The growing use of artificial intelligence is impacting almost all aspects of the media and advertising worlds in 2023. Now GroupM predicts AI’s tentacles will impact at least half of all ad dollars by the end of the year.


“Artificial intelligence is likely to inform, or touch in some way, at least half of all advertising revenue by the end of 2023,” says Kate Scott-Dawkins, Global President of GroupM Business Intelligence.


The WPP-owned agency expects AI will do more than disrupt how marketers optimize their media campaigns. It will also usher in a wave of AI-backed startups during the next two to five years.


The agency says the pervasive impact of AI in the ad world means brands will be well-served by having proactive guidelines and the right partners to navigate the changes “so that choices in budget allocation and the use of AI are made intentionally with the long-term health of the business in mind.”

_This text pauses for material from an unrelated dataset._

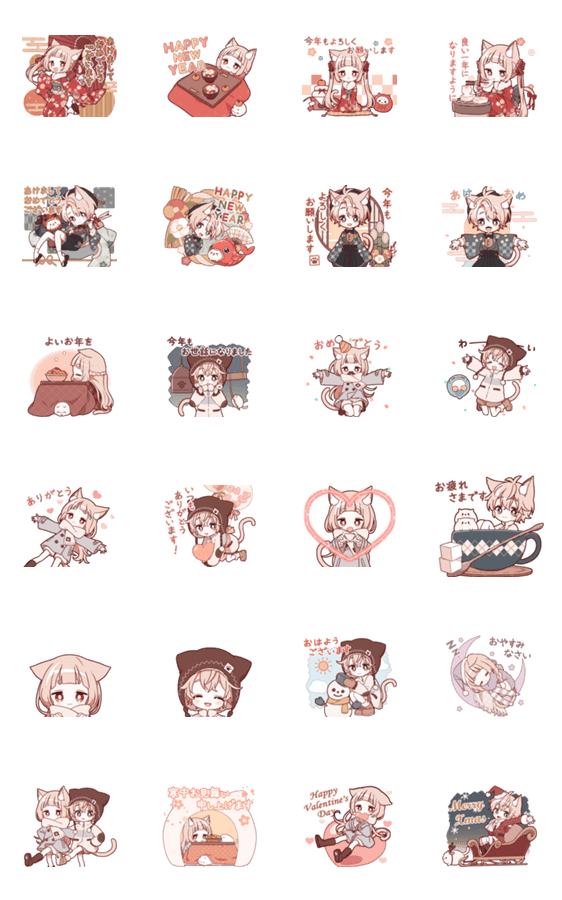 お正月・冬】飛び出す!ゆるねこ女子&男子

GroupM’s 2023 Global Mid-Year Forecast calls on advertising industry stakeholders to use AI “conscientiously and with appropriate safety measures in place.

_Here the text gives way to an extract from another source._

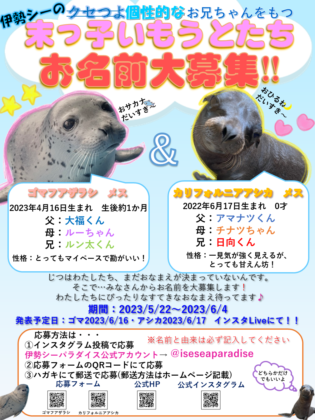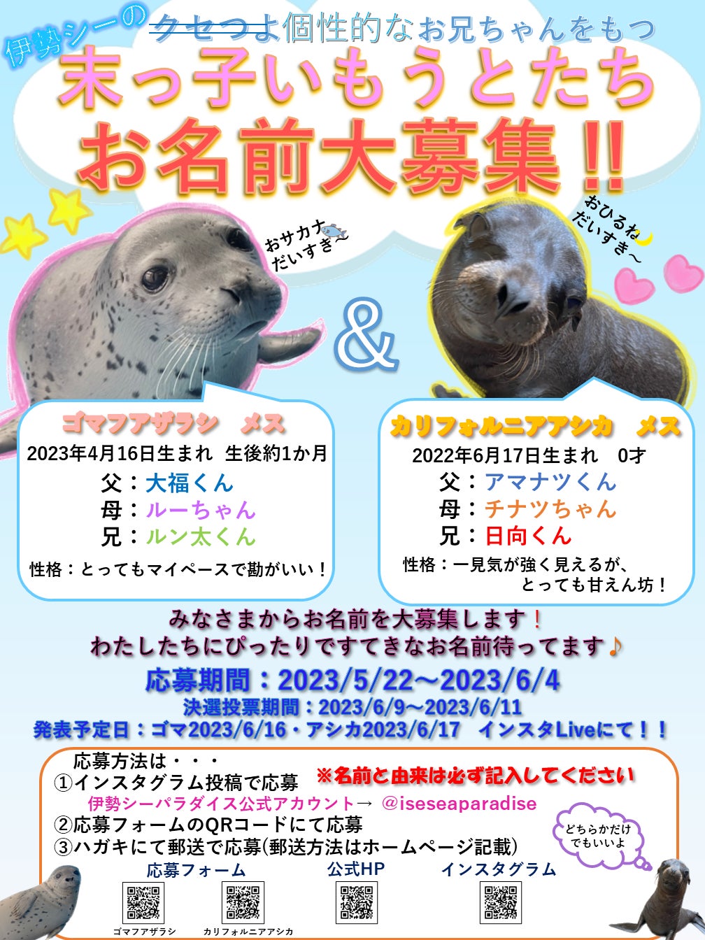 【大大大募集!】伊勢シーパラダイスで誕生した「カリフォルニアアシカ」と「ゴマフアザラシ」の末っ子妹ペアのお名前を募集します!!

“Generative AI is introducing some existential — and legal — questions to the channel,” the GroupM report says. “AI-generated DJs and hosts lead to questions around automation and consumer trust, while AI-generated music will force the industry to address copyright laws in the age of artificial intelligence.


Meanwhile, AI has reignited concerns among advertisers about whether digital advertising actually delivers on what Google, Facebook and other tech giants claim it does. “They have reservations about engaging in a high-stakes game called ‘Trust the Robot,’ wherein they relinquish their valuable data and control over how their campaign goals should be achieved to AI systems,” according to a story in Digiday by Seb Joseph and Krystal Scanlon. The big platform companies have each rolled out their own AI-powered ad tools that handle multiple aspects of ad campaign management: Google’s Performance Max, Meta’s Advantage+, and TikTok’s Smart Performance Campaigns.


Advertisers have reservations about handing over their parameters, data and advertising assets to the digital giants, whose algorithms then take control of the advertising optimization process.


“Historically — and to a large extent still — this trust issue is the core challenge Google has faced with their predictive AI tools,” Jeremy Hull, Chief Product Officer at ad agency Brainlabs, tells Digiday. “At Google Marketing Live they announced several welcome features that increase transparency — not as much as advertisers have asked for, but still welcome visibility. Google is walking a tricky tightrope.”